You see, you must understand that when He says in this verse: “You will know that I am in My Father, and the Father in Me,” He means: “Do not look only at My flesh and blood—this you see right now, as the Jews also do—or at My substance and essence as God and man. No, you must consider what I say, do, and work, in other words, My office and the reason for My presence here on earth. If you do this, then you see and hear that I am conveying to you the Father’s pure consolation, love, grace, and compassion. Furthermore, I prove this by My deeds, by My death and resurrection. If you see this in Me, you see the Father in Me and Me in the Father. For this is truly the Father’s plan, heart, and will.”
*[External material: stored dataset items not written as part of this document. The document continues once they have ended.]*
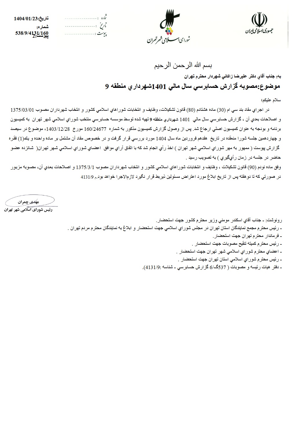 گزارش حسابرسي سال مالي 1401 شهرداري منطقه 9
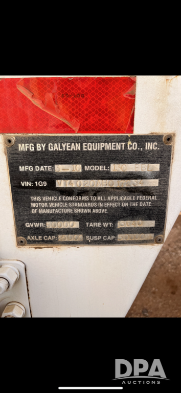 2010 Galyean Trailer (DR13162 Unit 17234), model 130 BBL dry flowable trailer, 3 compartment, 22.5 tires.
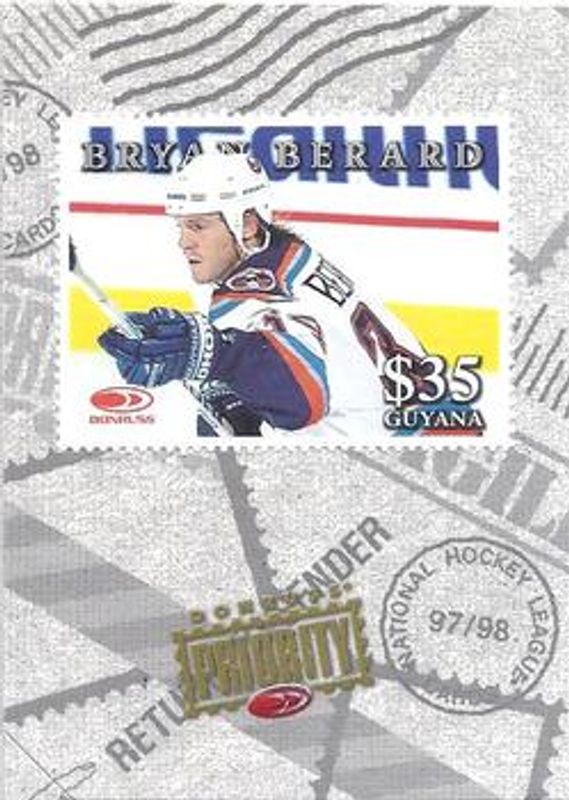 The Bryan Berard 1997 Donruss Priority Stamps card is 1 of 10 Bryan Berard's card variations in the 1997 Donruss Priority set being tracked by Sports Card Investor, including #194 Base, #54 Base, #54 Stamp of Approval /100, #194 Stamp of Approval /100, and #25 Postcards.
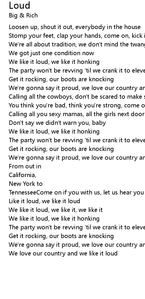 We're gonna say it proud, we love our country and we like it loud |
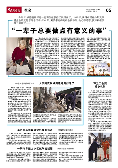 一位拄着双拐、身穿红马甲的七旬银发老人魏福祥,身残心暖,在长达30年的公益路上,如一束温暖的光,传递着社会向上向善的正能量(详见《大同日报》3月4日1版、《大同晚报》3月4日5版相关报道)。在3月8日到10日进行的阿里巴巴天天正能量第376期周评中,魏福祥的故事感动了合作媒体评委、正能量合伙人评委以及众多网友。11日,评选结果出炉,魏福祥的故事高票获得本期正能量周评奖,奖金5000元。这是天天正能量联合本报首次颁发该奖。
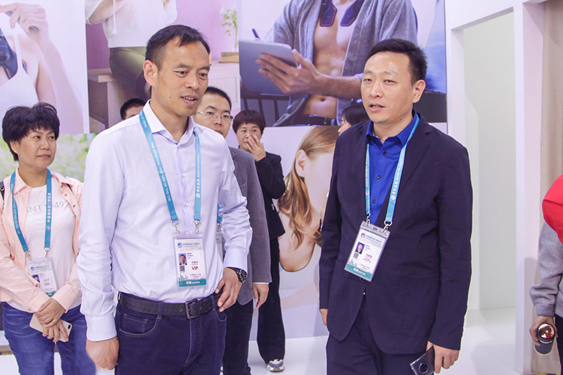 ▲長垣市委書記秦保建與董事長魏學(xué)明在進(jìn)博會(huì)現(xiàn)場(chǎng)交流
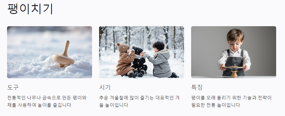 팽이치기는 오래된 전통 놀이로, 과거에는 남자아이들이 주로 즐겼습니다. 팽이를 잘 돌리는 것이 기술과 힘을 나타내는 것으로 여겨졌습니다.
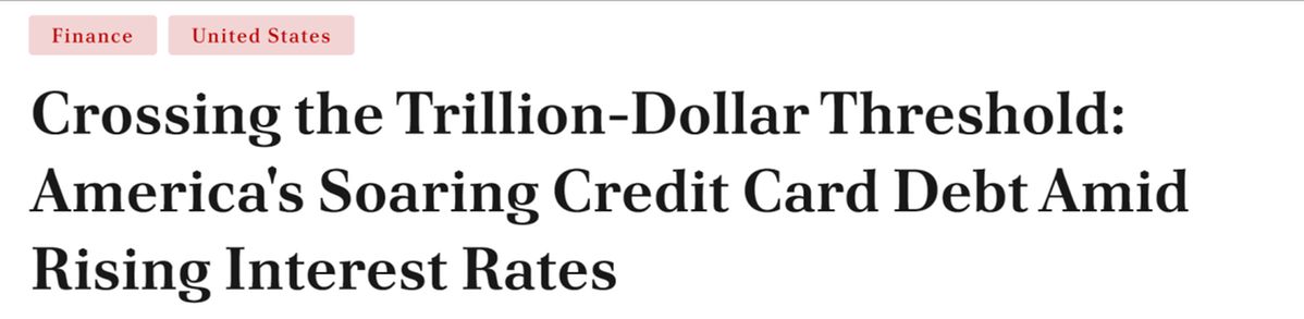 另?yè)?jù)美國(guó)媒體BNN Breaking網(wǎng)站報(bào)道,美國(guó)人的信用卡債務(wù)總額累計(jì)超過(guò)了1萬(wàn)億美元,創(chuàng)歷史新高。美聯(lián)儲(chǔ)激進(jìn)的加息措施推動(dòng)信用卡平均利率大幅增加至22%以上,零售信用卡利息率更是接近驚人的29%。
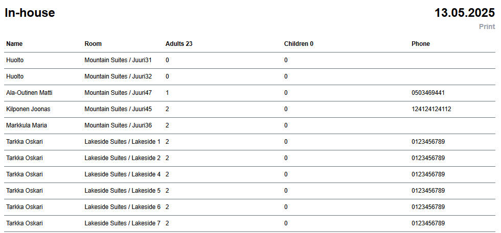 - Print: Use the print icon to generate a printable list of guests currently in-house
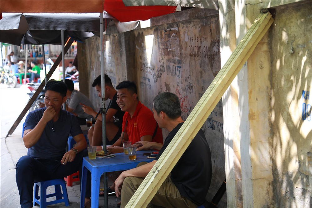 Dưới đoạn tường "tử thần" của khu Văn hóa nghệ thuật (phường Mai Dịch, quận Cầu Giấy, Hà Nội), nhiều người bất chấp dựng hàng quán bán trà đá mưu sinh.
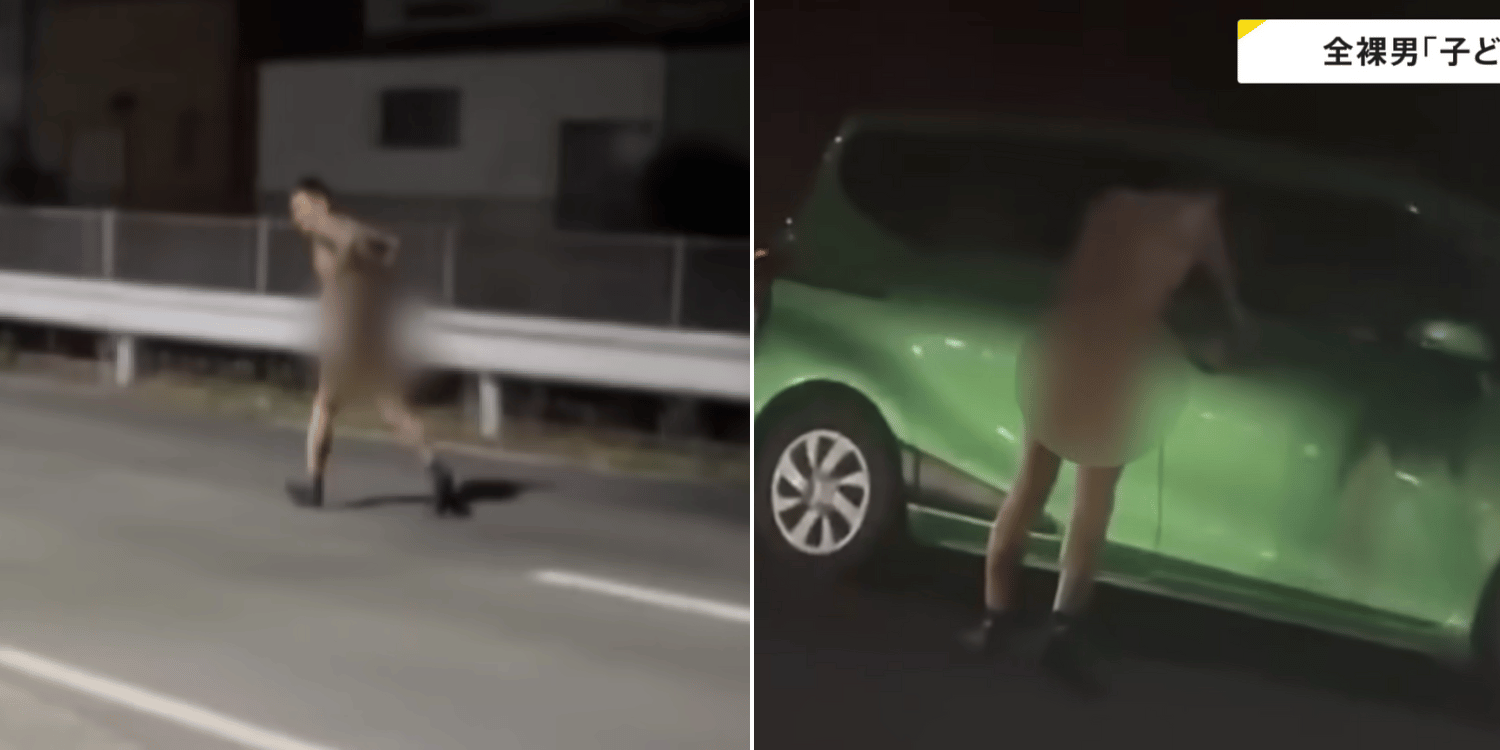 Around 10 minutes later, he was caught on camera at a convenience store 1.7km away, still unclothed, shoplifting multiple items.
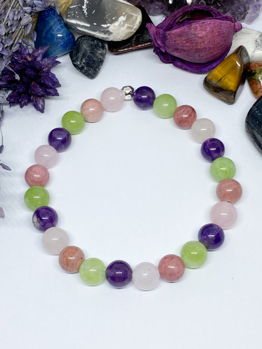 Bracelet Améthyste, Péridot , quartz rose et rhodochrosite
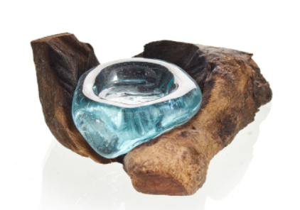 A recycled glass t lite holder made to fit its natural wood base whilst still molten.
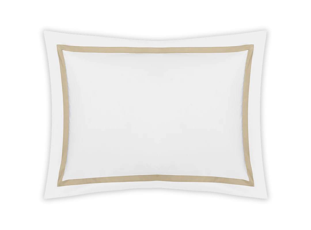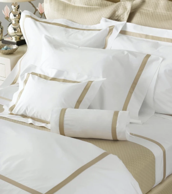 The iconic, best selling style is the elegantly modern bedroom must-have. Our classic 600 thread count Milano Egyptian cotton percale sheeting is smartly adorned with a number one Nocturne sateen tape border in an array of colors – from subtle neutrals to bold bright hues – to capture any look or mood.Â
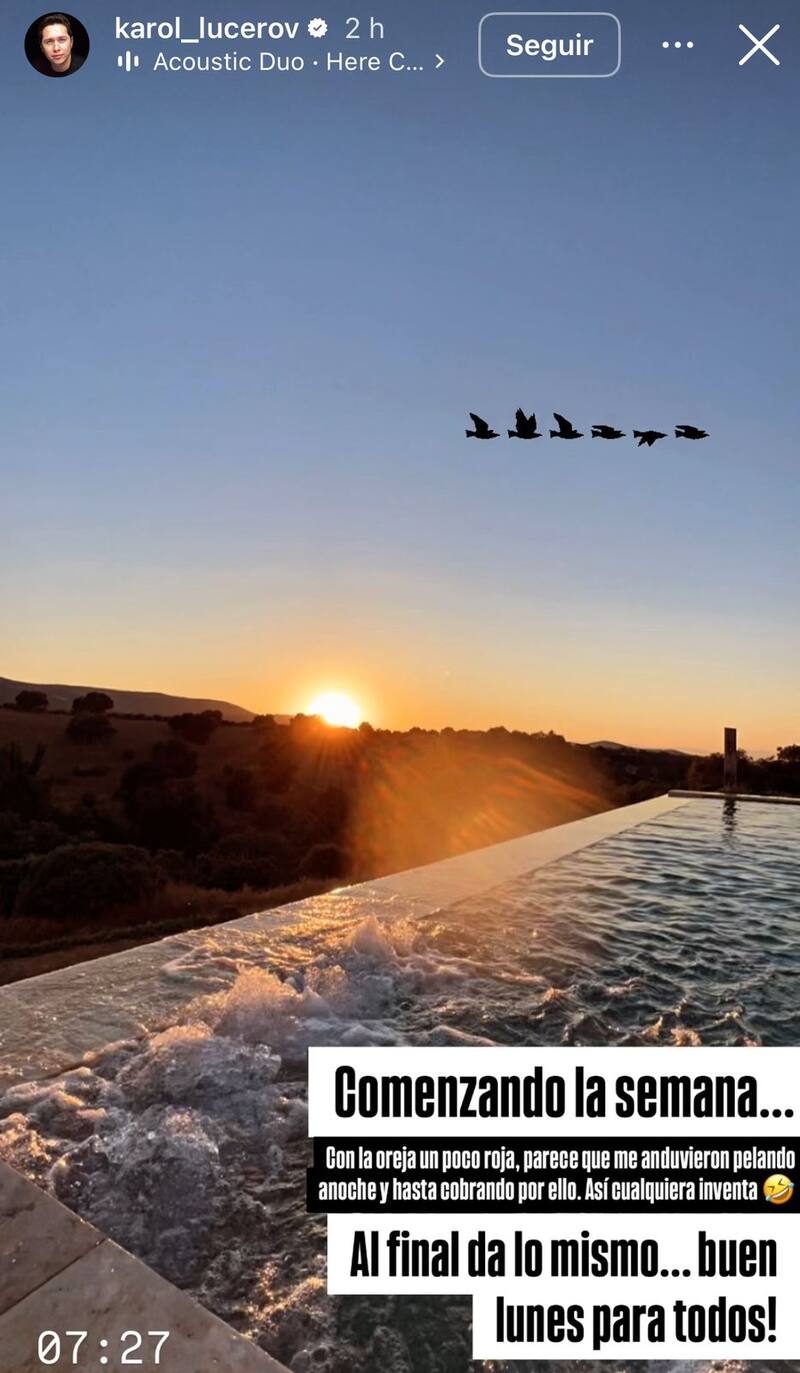 “Comenzando la semana, con la oreja un poco roja, parece que me anduvieron pelando anoche y hasta cobrando por ello. Así cualquiera inventa. Al final da lo mismo, buen lunes para todos”, escribió junto a una postal mañanera.
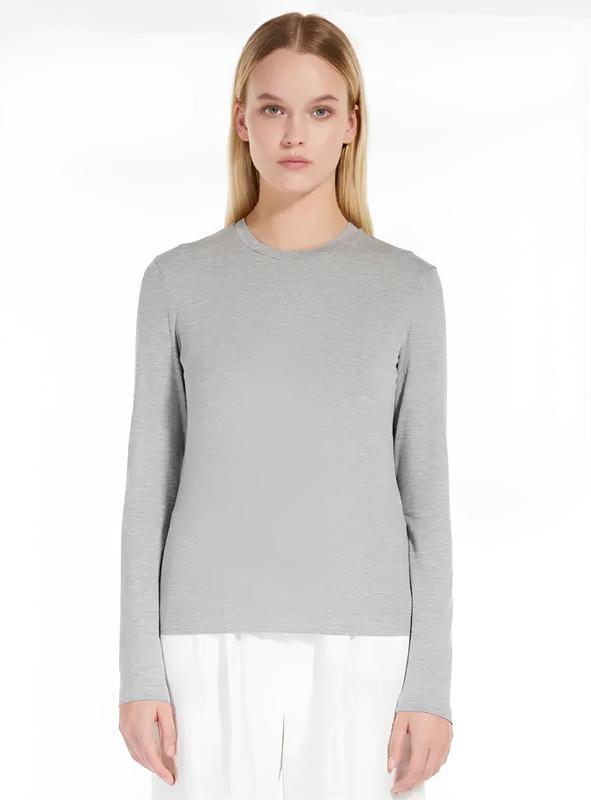 Лонг с круглой горловиной бренда MaxMara leisure выполнен из висузы с бодавкой 6% эластана., поэтому красиво тянется. Цвет серый меланжевый. Стан идеален. Размер указанный L Плечи 40 Пог 48 Длина 60 Длина рукава 62 На сайте стоит более 5 тысяч грн

The first and foremost point about Christ’s being in the Father is this, that we do not doubt that everything this Man says and does stands and must stand in heaven before all the angels, in the world before all tyrants, in hell before all devils, in the heart before every evil conscience and one’s own thoughts. For if we are sure that everything He thinks, says, and wants reflects the will of the Father, I am able to defy anyone who would be wroth and angry with me. In Christ I have the Father’s will and heart. And if God is for us and with us, then, as St. Paul declares (Rom. 8:31), what is there to harm us? Therefore it is all-important for us to look solely to Him, to disregard whatever any other god says, and to reject any other preaching or doctrine regarding ways and means, angels, saints, death, and life. In brief, if you comprehend and see this, then you comprehend and see Christ in the Father and the Father in Christ; then you see no anger, death, or hell, but sheer grace, compassion, heaven, and life.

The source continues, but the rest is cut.